Feasibility analysis of a proposed test of quantum gravity via optical magnetometry in xenon

We present an analysis of the sensitivity limits of a proposed experimental search for quantum gravity, using an approach based on optical magnetometry in the noble gas isotope ${}^{129}\mathrm{Xe}$. The analysis relies on a general uncertainty principle model that is consistent with most formulations of quantum gravity theory, where the canonical uncertainty relations are modified by a leading-order correction term that is linear in momentum.
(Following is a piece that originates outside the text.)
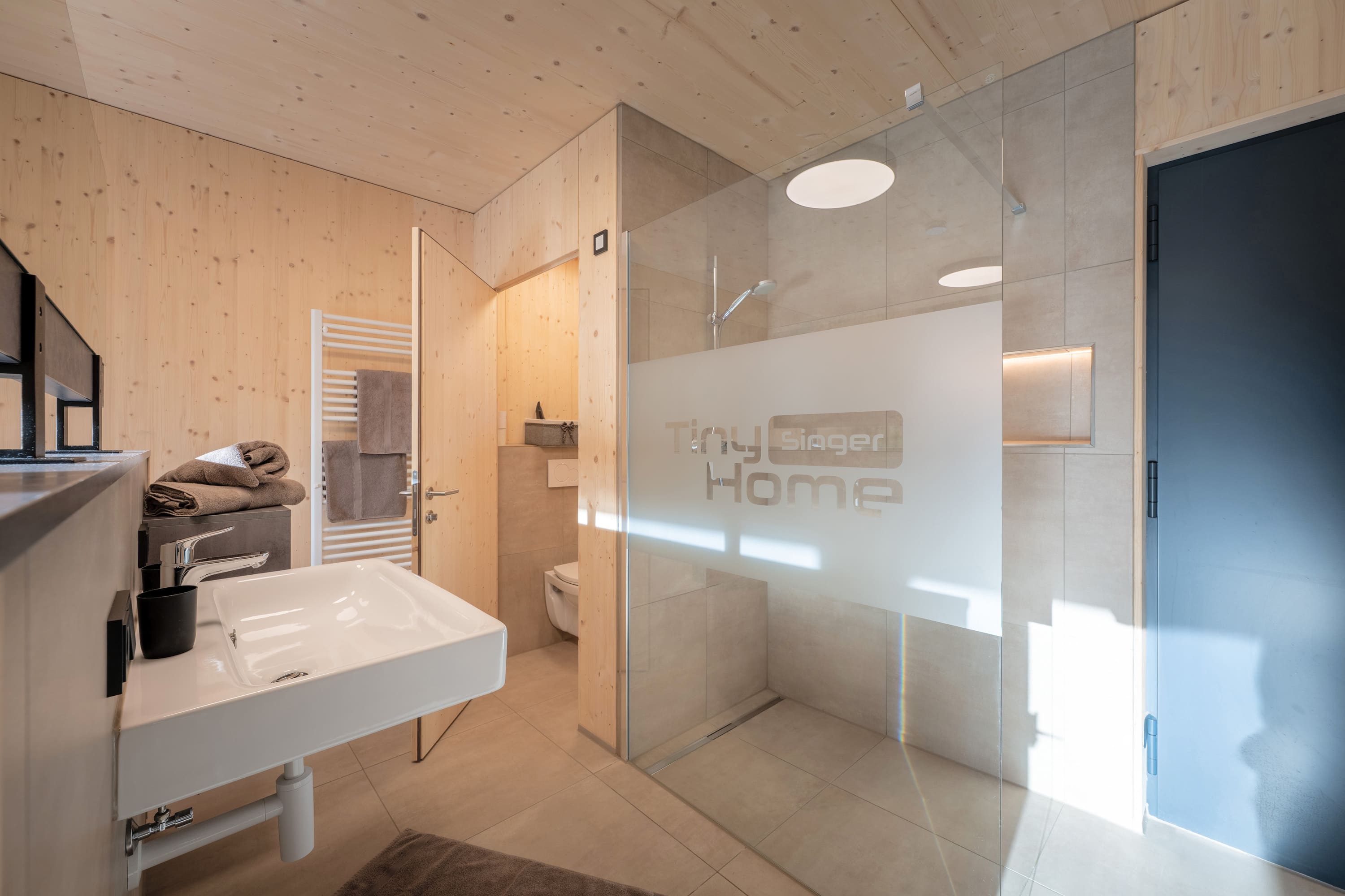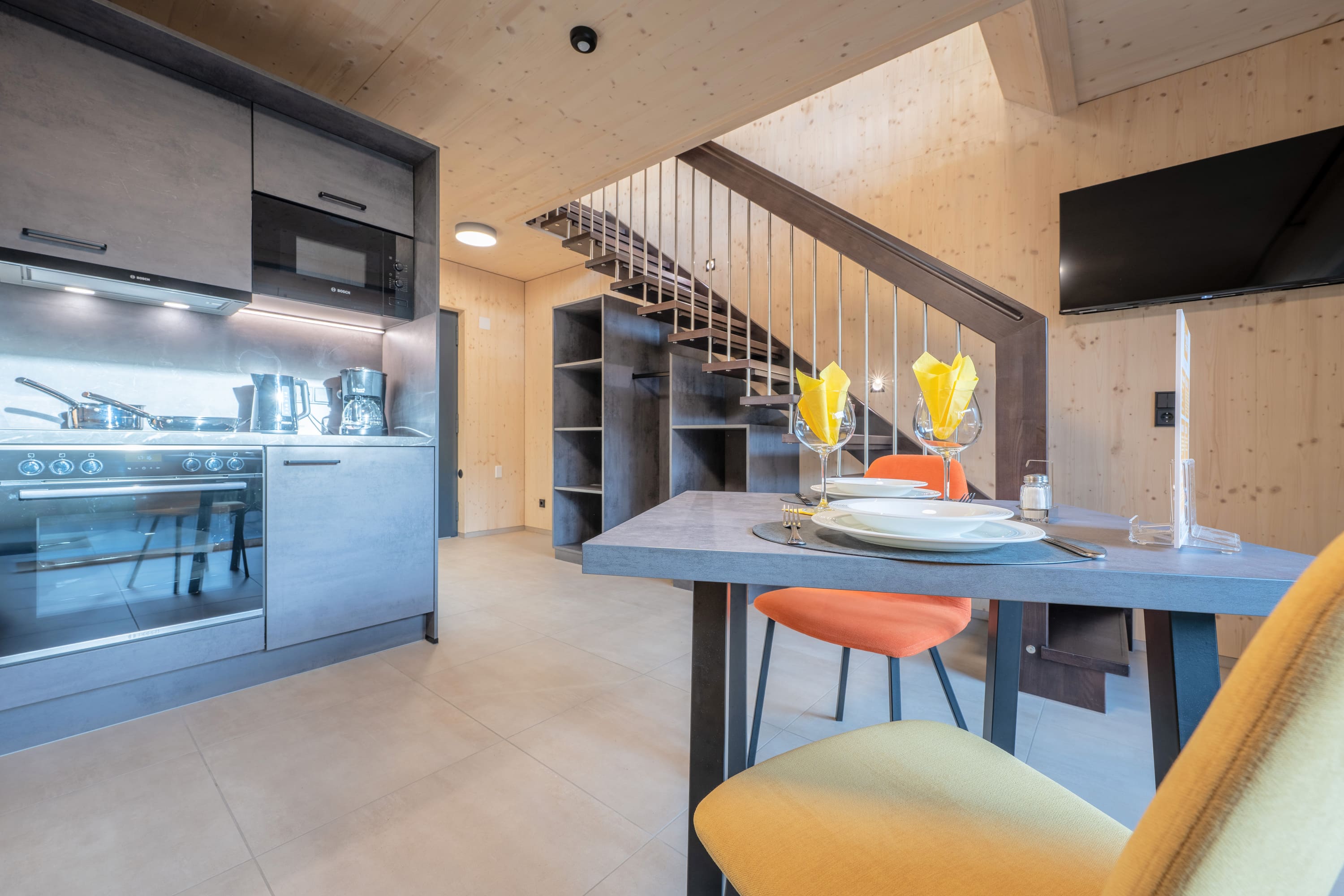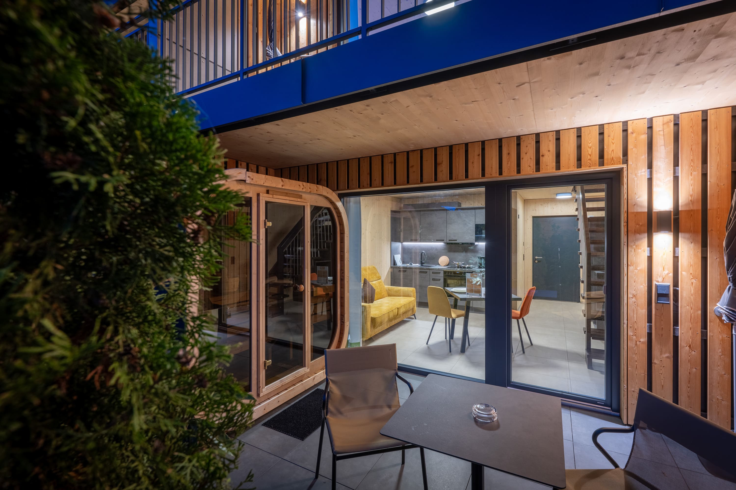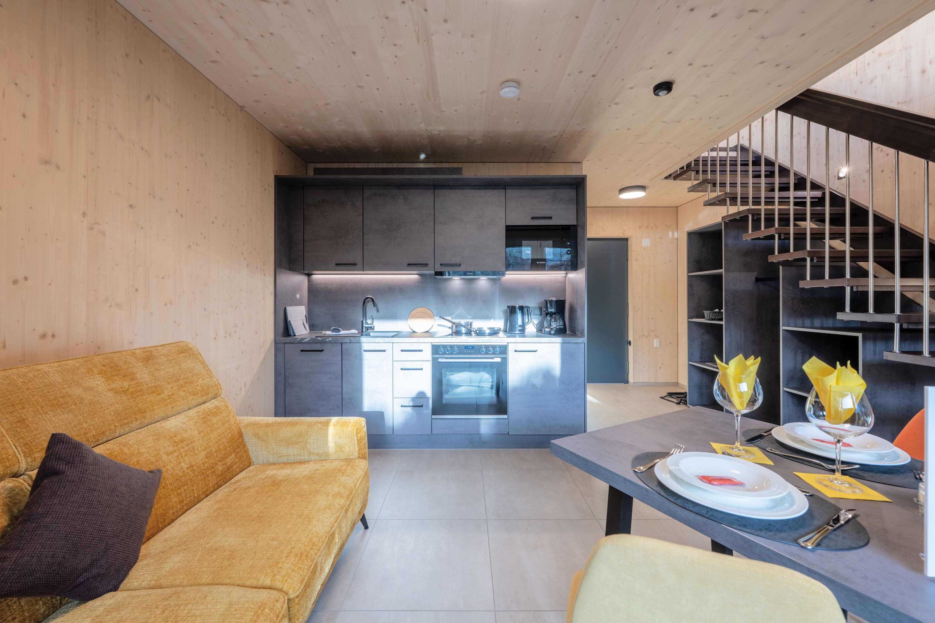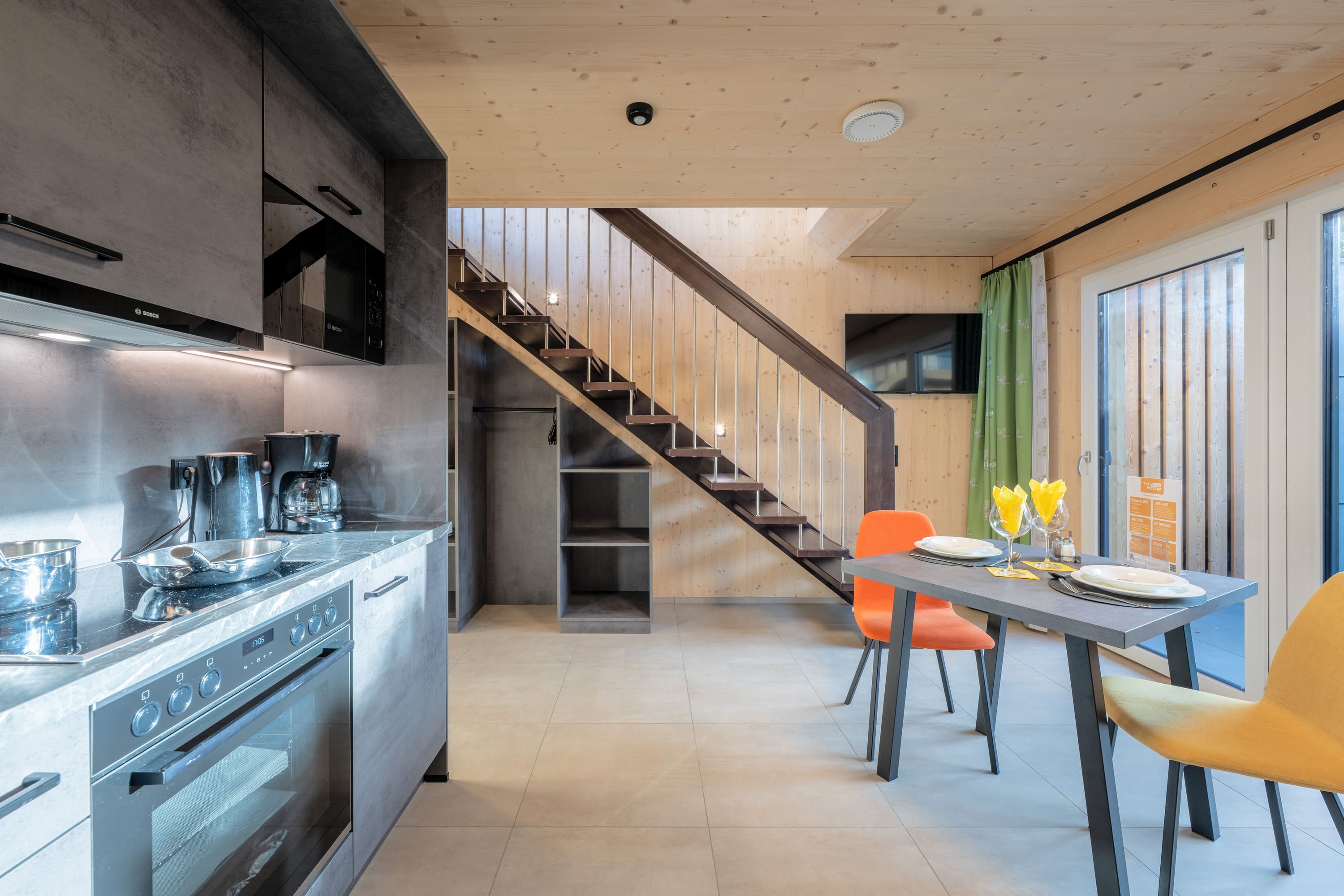 Unser Premium TinyHome ist ca. 60 m2 groß, inkl. privater Sauna und bietet Platz für 1 bis 2 Personen. Eine handgefertigte Innentreppe aus Buche-Massivholz, verbindet das Erd- mit dem Obergeschoss. Der großzügige Balkon und die Terrasse ermöglichen Ihnen einen einzigbartigen Ausblick auf die Berge.

In turn, this correction modifies the magnetic moment of the spin-polarized ${}^{129}\mathrm{Xe}$ atoms that are immersed in a magnetic field in the proposed experiment, which results in a velocity-dependent variation of their Larmor frequency, that is detected via two-photon laser spectroscopy. The thermal distribution of atomic velocities, in conjunction with the Doppler effect, is used to scan the interrogating laser over different atomic velocities and search for a corresponding variation in their Larmor frequencies. We show that the existing bounds on the leading-order quantum gravity correction can be improved by ${10}^7$ with existing technology, where another factor of ${10}^2$ is possible with near-future technical capabilities.

Figure 1

(a) The partial energy-level diagram of ${}^{129}\mathrm{Xe}$. A circularly polarized ultraviolet laser drives spin-selective two-photon excitation in hyperpolarized ${}^{129}\mathrm{Xe}$ atoms, where the excited state emits infrared light via radiative decay. The nuclear spin of the atoms precesses around an applied magnetic field, which is perpendicular to the laser propagation direction. Correspondingly, the ground-state population coherently oscillates between the two magnetic sublevels, resulting in oscillation of the emitted infrared fluorescence. The latter is detected for extraction of the precession (Larmor) frequency. (b) Illustration of the proposed experiment. (c) Tuning the laser to different frequencies in the Doppler-broadened profile of the two-photon transition corresponds to different atom velocities, which in turn are associated with different QG shifts of the Lamor frequency.

Figure 2

Minimum detectable QG correction coefficient, ${\alpha }_{0,\min }$, as a function of laser frequency, ${\omega }_l$, for different values of laser power, ${\omega }_l$, and number of measurements, $N_m$. Four examples are shown with a combination of two values for $P_l$ (1 and $100\mathrm{W}$) and two values for $N_m$ (1 and 2190). The latter correspond to total measurement times, $N_m{T}_m$, of $4.7\mathrm{h}$ and $1\mathrm{yr}$, respectively. The optimal laser frequency, ${\omega }_{l,\mathrm{opt}}={\omega }_{\text{Xe}}+0.85\mathrm{\Delta }{\omega }_D$, is identified by a black vertical line.

Figure 3

The minimum values of the QG correction coefficient ${\alpha }_{0,\min }$ at the optimal laser frequency ${\omega }_{l,\mathrm{opt}}$ (blue), the corresponding optimized fractional sensitivity $S_{\min }$ at ${\omega }_l={\omega }_{l,\text{opt}}$ (purple), and the optimized fractional sensitivity on two-photon resonance, $S_{\min }$ at ${\omega }_l={\omega }_{\text{Xe}}$ (green). Notable time scales of 1 day (solid), 1 week (dashed), and 1 month (dot-dashed) are indicated in orange.